107_0052.MOV - YouTube 9-10-11 She now has an appetite! She can eat about 1/2-3/4 cup at a time. We are giving her a prescription science diet intestinal canned food in several mini meals a day, followed up with 1/2 cup or dry(at night). She is drinking on her own so no more subq fluids and still getting several supplements and an antibiotic. She is weak and gets wore out quickly, after a short walk of about 10-15 steps this morning she just collapsed on the ground. Enjoying a quick rest outside as temps here are very nice today. With a little coxing, she was able to make it back inside to her bed.
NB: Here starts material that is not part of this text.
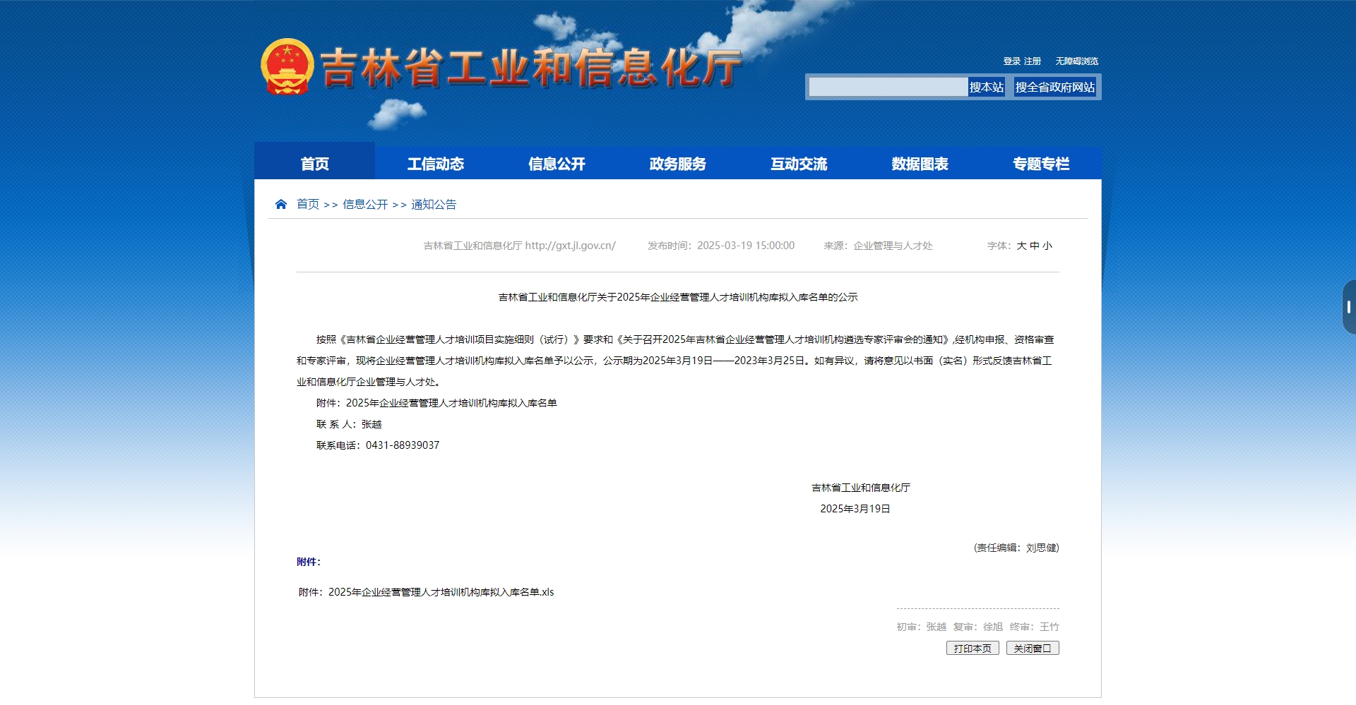近日,吉林省工业和信息化厅发布了2025年企业经营管理人才培训机构库拟入库名单,伟德官网凭借雄厚的团队力量、丰富的教学资源和卓越的培训成果,成功入选。

We are still carrying her around quite a bit too. I will send out another update on Monday(tomorrow is crazy busy for me!). THANK YOU EVERYONE for the help and support. All the kind words and helpful information has been wonderful! please stop by her facebook page as well "Let's have hope for "love!" | Facebook

108_3083.MOV - YouTube

9-9-11, She slowly making progress, eating a little more, drinking a little more on her own and able to now walking outside to go potty. She is in good spirits and I think as comfortable as possible. She gets exhausted easily and naps a lot. Sorry this is short, I have a transport heading out in the morning and new dogs that have come in. I will keep sending updates and can't thank everyone enough for the support for her.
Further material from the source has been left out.